Cada año, millones de personas de todas las religiones y procedencias emprenden largas peregrinaciones hacia lugares considerados sagrados. Una de las más conocidas y transitadas es la que conduce a la tumba del Apóstol Santiago: el Camino de Santiago. Se trata de una experiencia profundamente personal, impulsada tanto por la fe como por el deseo de aventura, el contacto con la naturaleza, la convivencia, el encuentro cultural y la riqueza artística que acompaña a sus rutas. Cualquier motivo es válido para iniciar un viaje que además atraviesa pueblos, ciudades y paisajes de Castilla-La Mancha antes de continuar hacia Galicia.
Quien lo ha hecho asegura que es imposible describir el “verdadero camino”, ya que más allá de encaminar nuestros pasos hacia un lugar concreto, etapa tras etapa se realiza un recorrido interior e intransferible que cada peregrino construye a su manera. Un trayecto sin guión fijo, sin etapas idénticas y quizá sin un final único, donde hay quien asegura que el Camino no se hace para ir, sino para volver transformado. Y es que existen tantos caminos como personas lo recorren.
Para conocer el origen de esta peregrinación debemos remontarnos al año 821, cuando el hallazgo de las reliquias del apóstol dio lugar al denominado Campus Stellae, el actual Santiago de Compostela. De este entonces, el Camino de Santiago se ha consolidado como una de las tres peregrinaciones de la cristiandad, junto a Jerusalén y Roma, manteniendo vivo hasta hoy un legado espiritual, cultural y humano de alcance universal.

Ruta de la Lana
Perfectamente señalizada, equipada con infraestructuras adecuadas para el peregrino y ampliamente documentada, la Ruta de la Lana se adentra en el corazón de la Península siguiendo, en gran parte, los antiguos caminos utilizados por los esquiladores en sus rutas de transhumancia entre Castilla-La Mancha y Burgos. El recorrido puede dividirse en dos grandes tramos, siendo el primero de ellos el que transcurre desde Alicante hasta Monteagudo de las Salinas (Cuenca); mientras que el segundo abarcaría desde este punto hasta su destino final en Burgos.
Con un total de 23 etapas, esta ruta ofrece en territorio castellano-manchego, algunos de sus enclaves más atractivos, con al menos cuatro paradas imprescindibles para el peregrino.

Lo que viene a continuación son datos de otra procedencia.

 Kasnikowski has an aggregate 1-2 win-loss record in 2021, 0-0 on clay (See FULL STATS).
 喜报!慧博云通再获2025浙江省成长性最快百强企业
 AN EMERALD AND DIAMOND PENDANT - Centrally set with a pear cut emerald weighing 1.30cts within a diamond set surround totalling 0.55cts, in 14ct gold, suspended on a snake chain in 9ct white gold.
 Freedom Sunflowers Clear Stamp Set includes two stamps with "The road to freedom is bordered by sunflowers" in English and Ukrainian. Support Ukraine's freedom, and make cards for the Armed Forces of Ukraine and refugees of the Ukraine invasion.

En la provincia de Albacete, una de las primeras etapas de la Ruta de la Lana conduce a Alpera, donde destacan sus valiosas pinturas rupestres, declaradas Patrimonio Mundial de la Humanidad por la UNESCO, testimonio excepcional del Arte Prehistórico Levantino. Desde allí, el camino continúa hacia Alcalá del Júcar, considerado uno de los pueblos más bellos y pintorescos de España, pudiendo el peregrino ascender por el entramado de sus callejuelas hasta el castillo que corona esta localidad albaceteña.

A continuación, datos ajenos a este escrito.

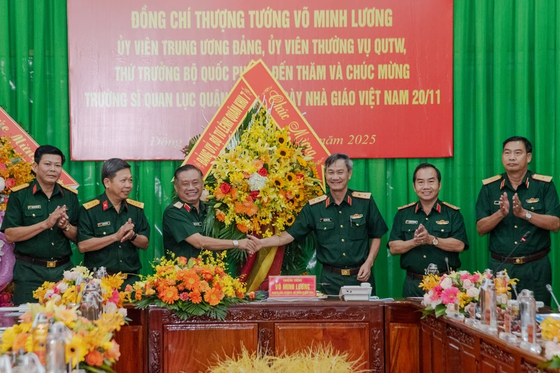 (QK7 Online) - Nhân kỷ niệm 43 năm Ngày Nhà giáo Việt Nam (20/11/1982 -20/11/2025), Thượng tướng Võ Minh Lương, Ủy viên Trung ương Đảng, Ủy viên Thường vụ Quân ủy Trung ương, Thứ trưởng Bộ Quốc phòng đến thăm, chúc mừng Ngày Nhà giáo Việt Nam tại Trường Sĩ quan Lục quân 2. Tham gia cùng đoàn công tác có Thiếu tướng Trần Chí Tâm, Phó Chính ủy Quân khu 7.
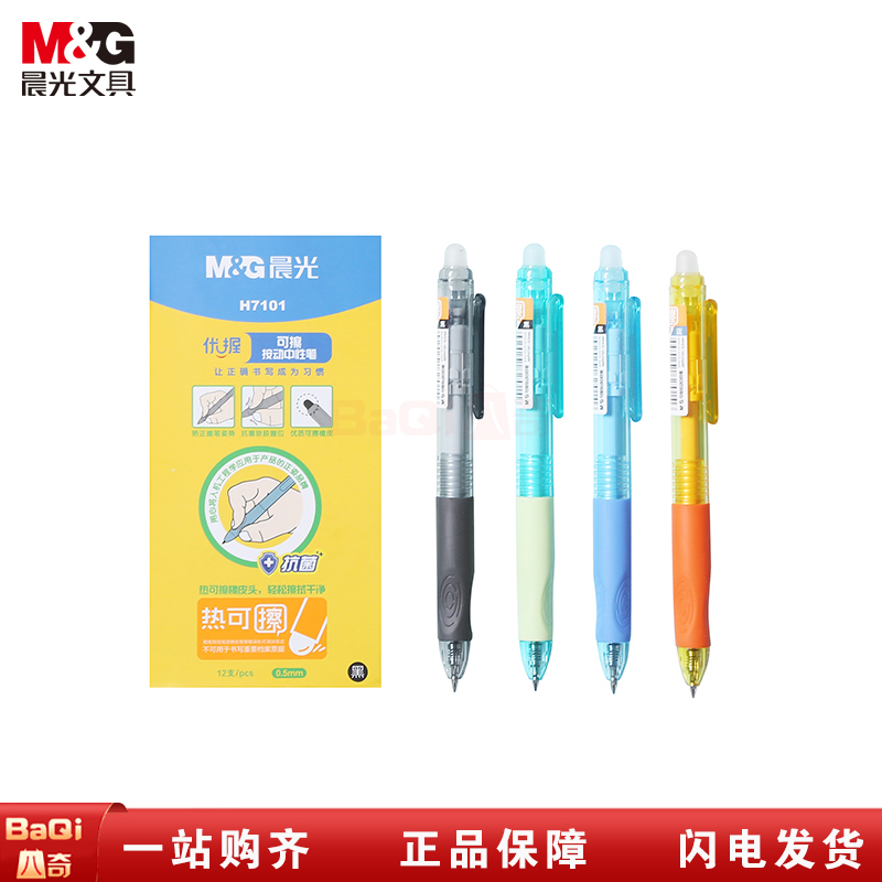 商品名称:晨光AKPH7101 优握热可擦笔3-5年级中性笔易擦按动式可擦水笔0.5mm可爱卡通学生用笔 黑色/晶蓝色(12支/盒)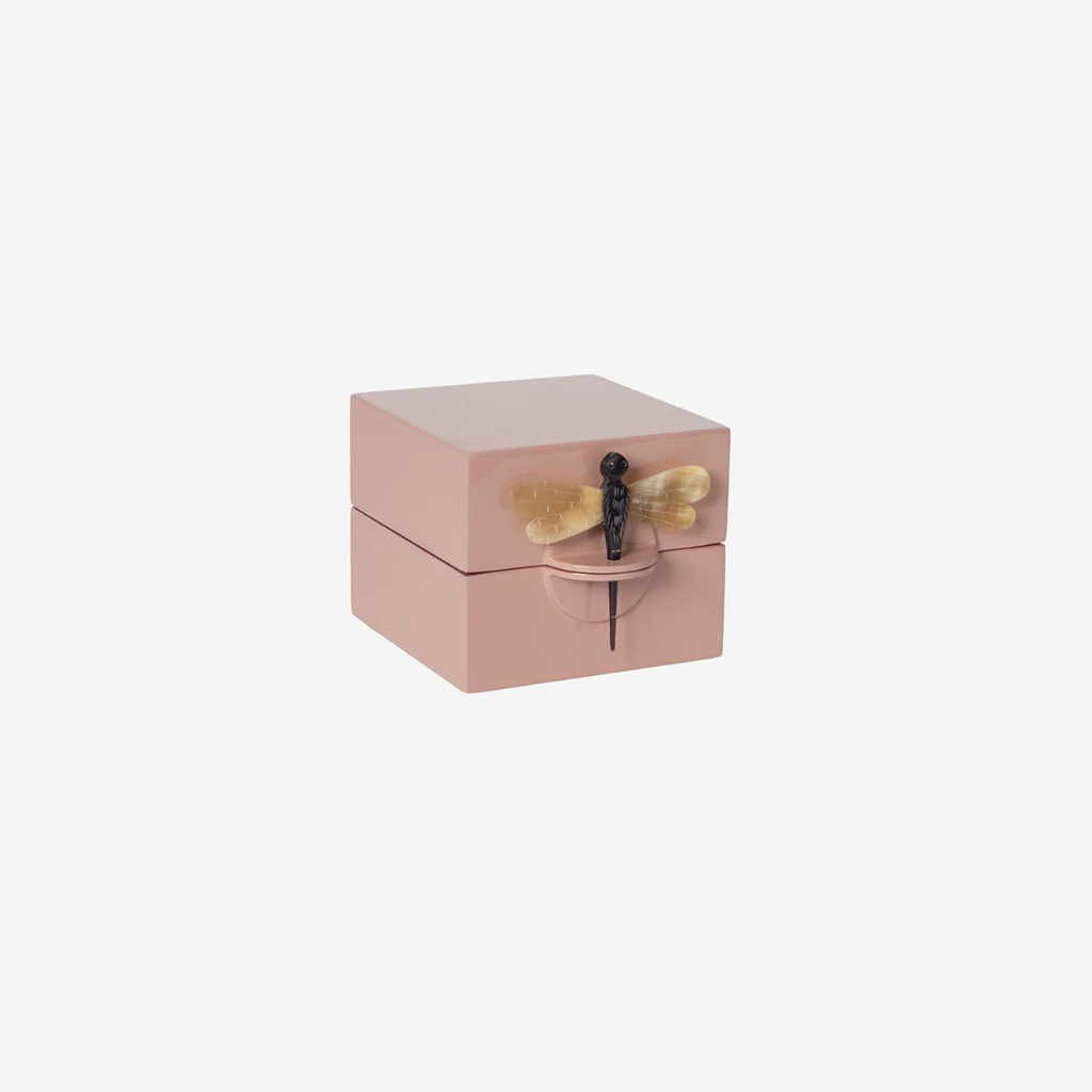 Lille lakæske med et elegant og let udtryk. Den powder-farvede yderside og passion-farvede inderside skaber en smuk kontrast og gør æsken både dekorativ og funktionel – ideel til smykker og små hverdagsting.

El itinerario prosigue hacia la provincia de Cuenca, con parada obligatoria en su capital ciudad Patrimonio de la Humanidad, donde la historia, la naturaleza y la arquitectura contemporánea conviven en perfecta armonía. Finalmente, ya en tierras de Guadalajara, el peregrino avanzará entre paisajes que siguen los pasos del Cid y que recorren enclaves donde disfrutar de la riqueza del románico castellano, atravesando localidades como Viana de Jadraque, Hérmeces del Cerro, Santiuste y Riofrío del Llano, hasta alcanzar la imponente Atienza, villa declarada Conjunto Histórico-Artístico y auténtico referente patrimonial de la comarca.

Camino de Levante
Esta ruta, con una longitud aproximada de 750 kilómetros, parte desde Valencia y avanza hacia el noroeste hasta llegar a Zamora, donde enlaza con la conocida Ruta de la Plata que nace en Sevilla. Se trata de un trazado que recorre prácticamente de este a oeste la Península Ibérica, actuando además como un eje vertebrado que divide España en dos mitades. Un camino que conduce los pasos del peregrino hacia Santiago de Compostela y que se encuentra estructurado en 27 etapas, de las cuales 16 discurren por Castilla-La Mancha.

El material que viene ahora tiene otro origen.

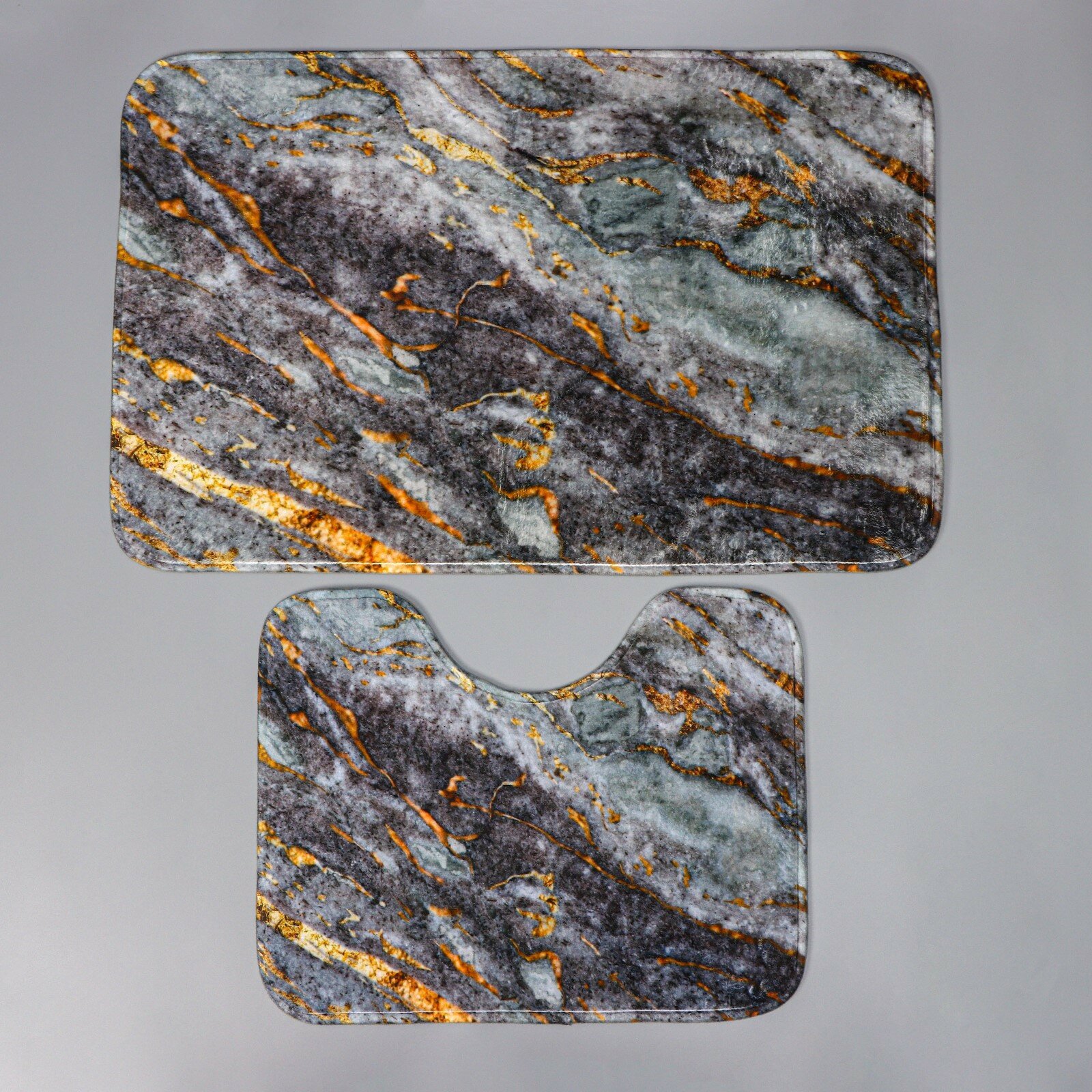 Доляна Коврики для ванной и туалета Доляна «Мрамор», 2 шт: 79×50 см, 50×39 см, цвет серый

Su entrada en tierras albaceteñas se produce a través de los ondulados paisajes de Almansa, localidad coronada por uno de los castillos más imponentes de la región, destacando además por el entramado de las callejuelas que forman parte de su caso histórico. Desde allí, el recorrido avanza hacia la llanura, no sin antes atravesar Chinchilla de Montearagón, joya medieval casi intacta, para continuar el peregrino por Albacete capital y La Roda.
Ya en la provincia de Cuenca, el itinerario atraviesa la elegante San Clemente, tesoro renacentista declarado Conjunto Histórico-Artístico. Más adelante aparecen en el horizonte los paisajes cervantinos por excelencia: los icónicos molinos de viento de Mota del Cuervo y El Toboso, tierra de Dulcinea. Pero el Camino de Levante continúa por tierras castellano-manchegas hasta llegar a la provincia de Toledo, adentrándose en localidades como Quintanar de la Orden, La Villa de Don Fadrique, Villacañas o Tembleque, cuya plaza mayor está considerada como una de las más bellas de España y es muestra del barroco popular del siglo XVII.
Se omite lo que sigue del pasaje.